Слабая поясничная мышца может быть причиной боли в спине
|
Слишком часто мы испытываем боли в теле, особенно в нижней части спины. Если вы часто ищете средства для быстрого облегчения боли в спине , возможно, пришло время исследовать поясничную мышцу.
Большая поясничная мышца, технически называемая подвздошно-поясничной, вполне может быть одной из самых важных мышц в теле. Почему? Эта глубоко расположенная основная мышца помогает поддерживать спину и многое другое. Если поясничная мышца слабая, это может быть причиной болей в спине, шее и других проблем. Фактически, большая поясничная мышца особенно уникальна, особенно когда речь идет о постуральной функции. Это единственная мышца, которая соединяет поясничный отдел позвоночника и нижнюю часть тела. ( 1 ) Ясно видеть, что забота об этой глубокой поясничной мышце имеет решающее значение для сильного, безболезненного тела. Здоровая поясничная мышца также важна для эмоционального и духовного здоровья.

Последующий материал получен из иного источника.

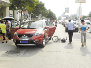本报讯 7月21日16时许,市交警支队事故科民警接到指令,交通大道与汉阳路交叉口东某洗浴中心门前发生一起交通事故:一辆轿车停在路边,乘客下车开车门时,骑自行的人撞到车门上摔倒在地。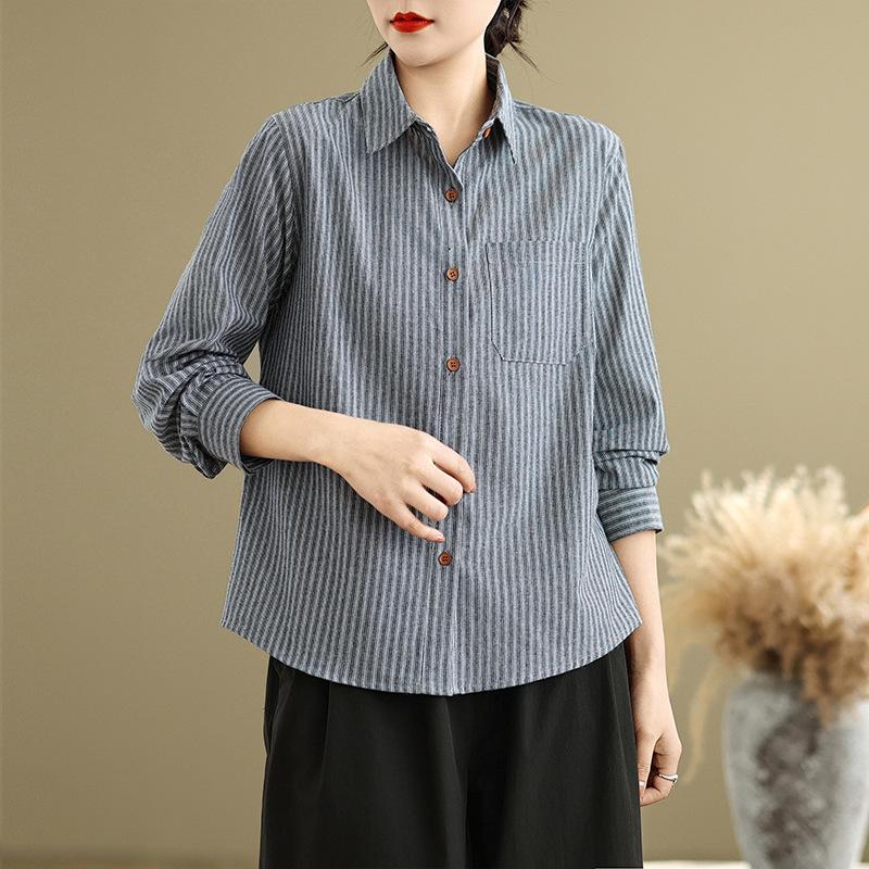 Весенняя художественная свободная рубашка с полосатым лацканом и длинными рукавами, женская рубашка, топ, блузки и рубашки — купить товар онлайн с бесплатной доставкой по всему миру!

Что такое поясничная мышца? Почему это важно?
На каждой стороне спины есть две поясничные мышцы. Большую из них называют большой поясничной мышцей, меньшую — малой поясничной мышцей. Большая поясничная мышца, часто известная как «мощная поясничная мышца», берет начало в позвоночнике вокруг нижней части грудной клетки и спускается по бедру вдоль бедренной кости. Большая поясничная мышца работает, сгибая бедро. Малая поясничная мышца также начинается от позвоночника вокруг нижней части грудной клетки, но спускается к костям таза. Он сгибает нижнюю часть позвоночника. ( 2 )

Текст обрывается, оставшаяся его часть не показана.